_TASK REQUIREMENTS:_
Leave every picture out, then reproduce the rest of the listing exactly.

_EXERCISE DATA:_
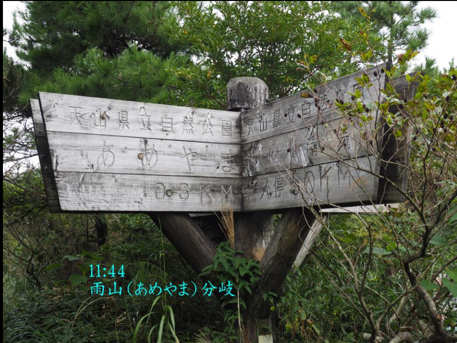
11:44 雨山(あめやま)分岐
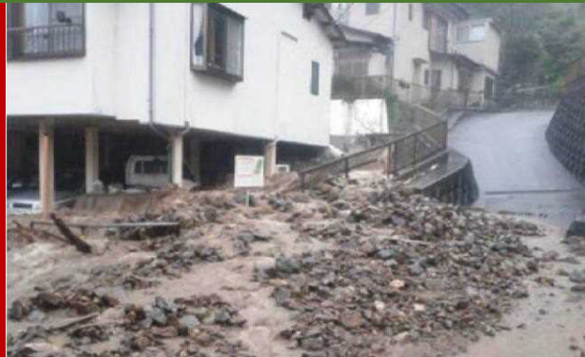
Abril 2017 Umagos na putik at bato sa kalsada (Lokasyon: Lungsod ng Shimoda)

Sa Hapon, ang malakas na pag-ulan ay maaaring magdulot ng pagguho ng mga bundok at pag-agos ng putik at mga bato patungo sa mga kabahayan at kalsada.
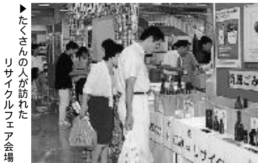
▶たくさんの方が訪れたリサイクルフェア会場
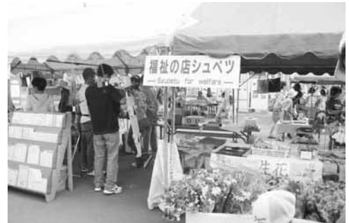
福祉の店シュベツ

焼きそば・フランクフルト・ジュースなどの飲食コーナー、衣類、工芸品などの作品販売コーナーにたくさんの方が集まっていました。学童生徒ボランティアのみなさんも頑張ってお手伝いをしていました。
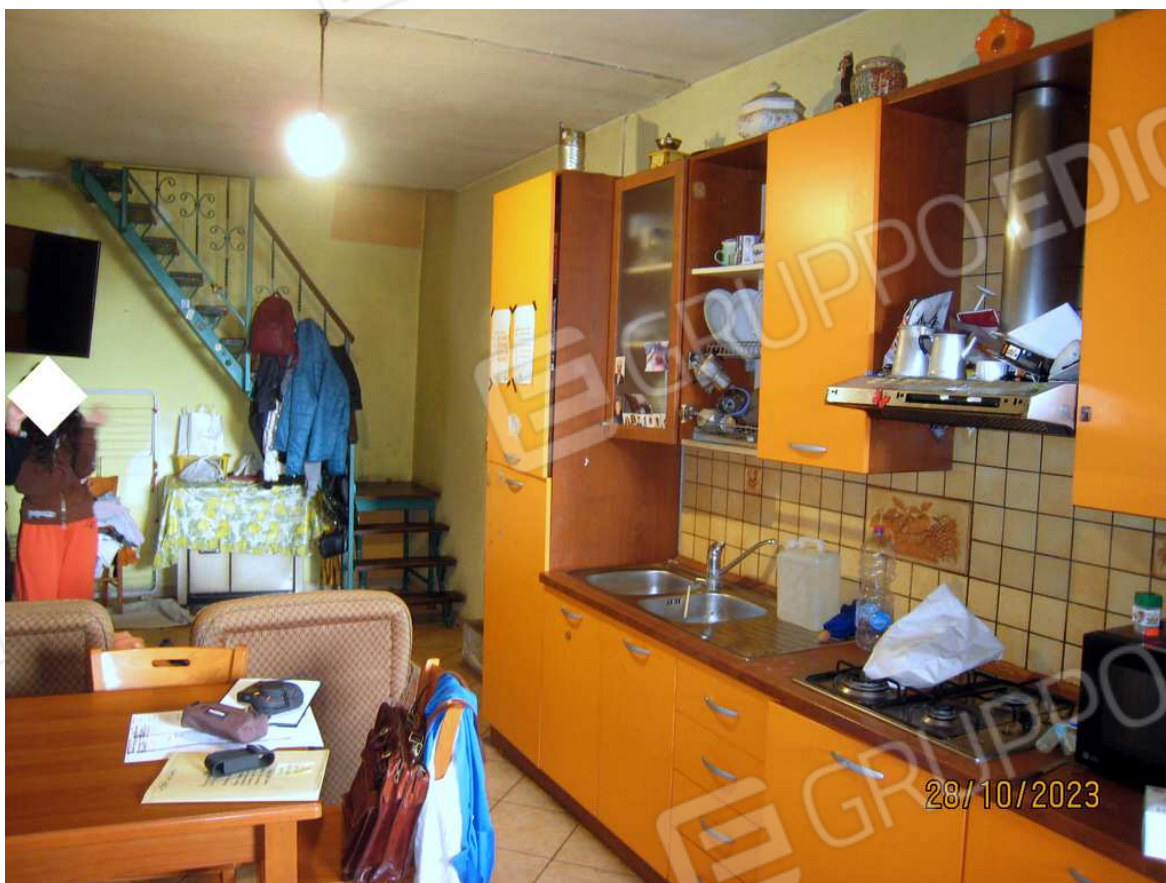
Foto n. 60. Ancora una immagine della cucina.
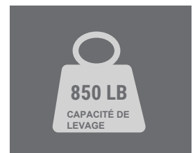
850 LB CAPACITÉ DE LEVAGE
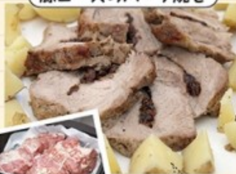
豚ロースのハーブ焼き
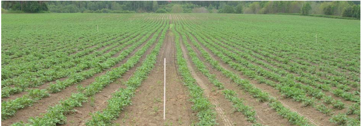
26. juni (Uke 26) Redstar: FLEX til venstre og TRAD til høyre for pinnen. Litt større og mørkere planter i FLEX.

_PROBLEM SOLUTION:_
11:44 雨山(あめやま)分岐
Abril 2017 Umagos na putik at bato sa kalsada (Lokasyon: Lungsod ng Shimoda)

Sa Hapon, ang malakas na pag-ulan ay maaaring magdulot ng pagguho ng mga bundok at pag-agos ng putik at mga bato patungo sa mga kabahayan at kalsada.
▶たくさんの方が訪れたリサイクルフェア会場
福祉の店シュベツ

焼きそば・フランクフルト・ジュースなどの飲食コーナー、衣類、工芸品などの作品販売コーナーにたくさんの方が集まっていました。学童生徒ボランティアのみなさんも頑張ってお手伝いをしていました。
Foto n. 60. Ancora una immagine della cucina.
850 LB CAPACITÉ DE LEVAGE
豚ロースのハーブ焼き
26. juni (Uke 26) Redstar: FLEX til venstre og TRAD til høyre for pinnen. Litt større og mørkere planter i FLEX.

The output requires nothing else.